Maggie Fox, Health and Science Editor for Reuters, has an interesting report on how online gaming may be benefiting the real world of epidemiological research. The story is based on the outbreak of an epidemic in a virtual world:
The outbreak was an accidental consequence of a software challenge added to the "World of Warcraft" game in 2005, [Nina] Fefferman and [Eric] Lofgren report in the journal Lancet Infectious Diseases.
The virulent, contagious disease was introduced by maker Blizzard Entertainment Inc. of Irvine, California, as an extra challenge to high-level players. But, just as a real virus might spread, it was accidentally carried out of its virtual containment area.
"Soon, the disease had spread to the densely populated capital cities of the fantasy world, causing high rates of mortality and, much more importantly, the social chaos that comes from a large-scale outbreak of deadly disease," Fefferman and Lofgren wrote.
"When this accidental outbreak happened, players embraced it. Some thought it was really cool," Fefferman said.
The makers did not. They reset the computer game to eliminate the disease, wiping out any data that may have been collected.
However, while this was the end of the story in the gaming world, it was just the beginning for Fefferman and Lofgren:
Fefferman, a medical epidemiologist, immediately recognized human behaviors she had not ever factored in when creating computer models of disease outbreaks. For instance, what she calls the "stupid factor".

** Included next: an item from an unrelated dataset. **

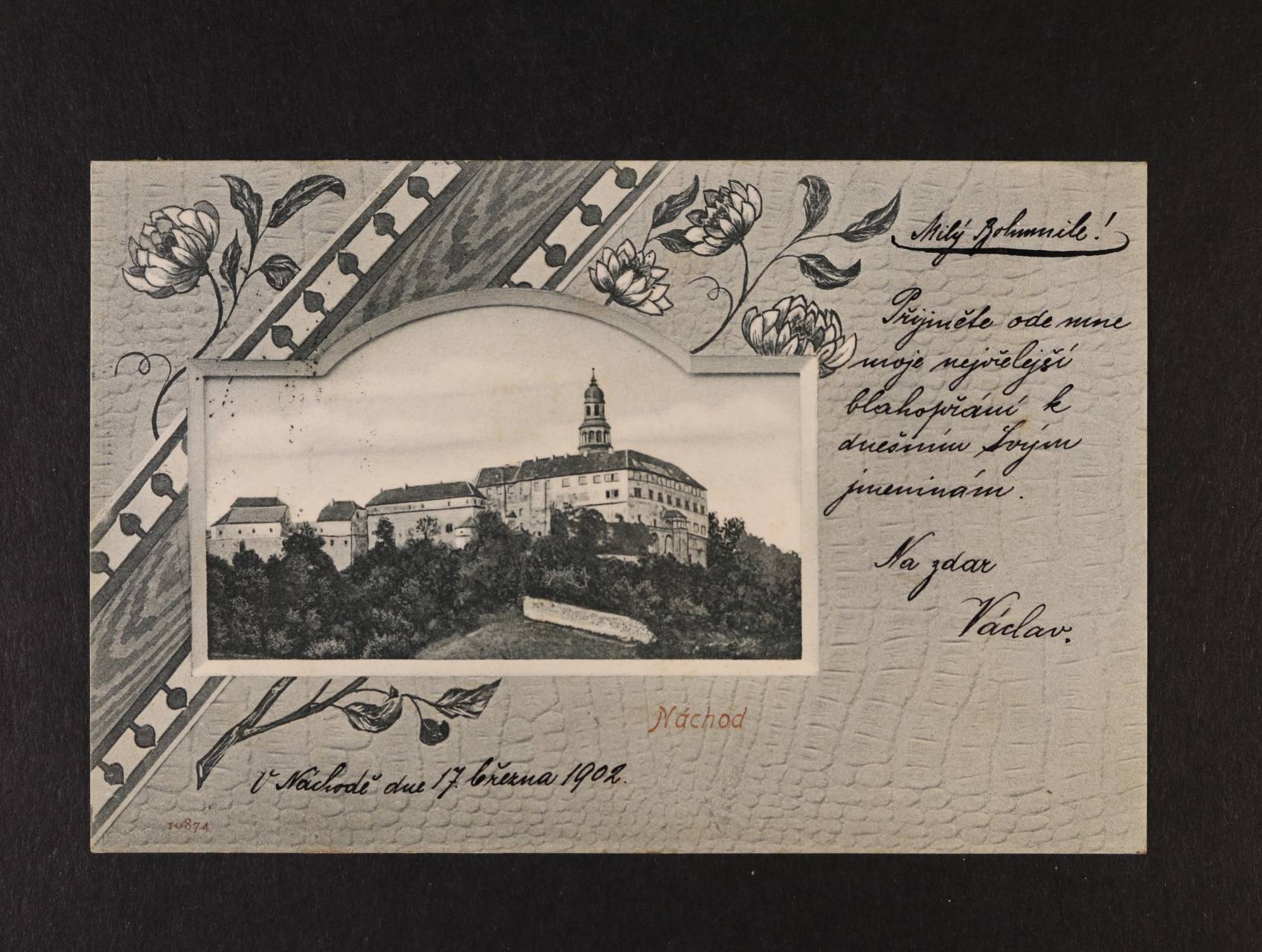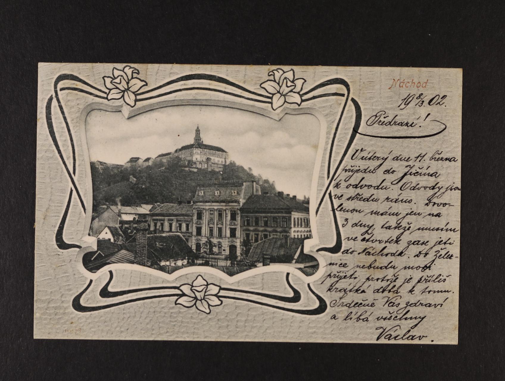 Náchod - jednobar. koláž, dl. adresa, použitá 1902

"Someone thinks, 'I'll just get close and get a quick look and it won't affect me,'" she said.
"Now that it has been pointed out to us, it is clear that it is going to be happening. There have been a lot of studies that looked at compliance with public health measures. But they have always been along the lines of what would happen if we put people into a quarantine zone -- will they stay?" Fefferman added.
"No one have ever looked at what would happen when people who are not in a quarantine zone get in and then leave."

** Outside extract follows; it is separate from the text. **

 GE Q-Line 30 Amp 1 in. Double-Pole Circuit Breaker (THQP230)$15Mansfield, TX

She will now incorporate such behavior into her scenarios, and Fefferman is working with Blizzard to model disease outbreaks in other popular games.
"With very large numbers of players (currently 6.5 million for World of Warcraft), these games provide a population where controlled outbreak simulations may be done seamlessly within the player experience," she wrote.

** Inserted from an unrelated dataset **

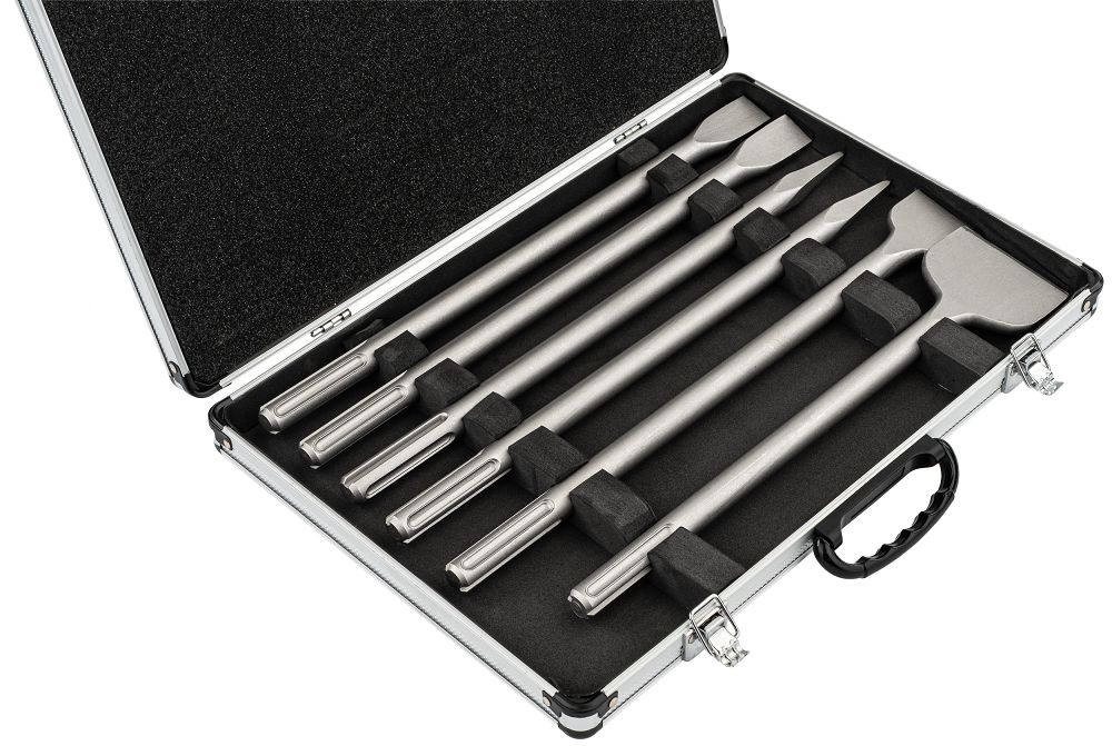 A készlet lapos és hegyes vésőket tartalmaz betonhoz, téglához és kőhöz, 25, 50 és 80 mm szélességben, amelyek lehetővé teszik a precíz vágást és a gyors anyageltávolítást tisztább élekkel és kevesebb korrekciós igényrel. A teljes készlet egy praktikus tokban tárolható, ahol minden elemnek megvan a saját helye, ami megkönnyíti a rendszerezést, biztonságos tárolást és kényelmes szállítást biztosít; A zár megvédi a tartalmat a kinyílástól vagy kiömléstől, és biztosítja, hogy a készlet biztonságosan zárva maradjon.

There is, of course, the question of whether or not gamer behavior should be taken as a reflection of how they would react to a real-world crisis; but, regardless of how they would act in the real world, it may still be an indicator of how they would think. What may be most important is that these first results have been published in a journal with internationally-recognized authority. As such, it may be one of the first instances of published results in "hard medical science" being based on an analysis of social behavior in a virtual world (recognizing that Fox cites a similar article by Ran Balicer in Epidemiology); and Fefferman and Lofgren deserve recognition for that achievement.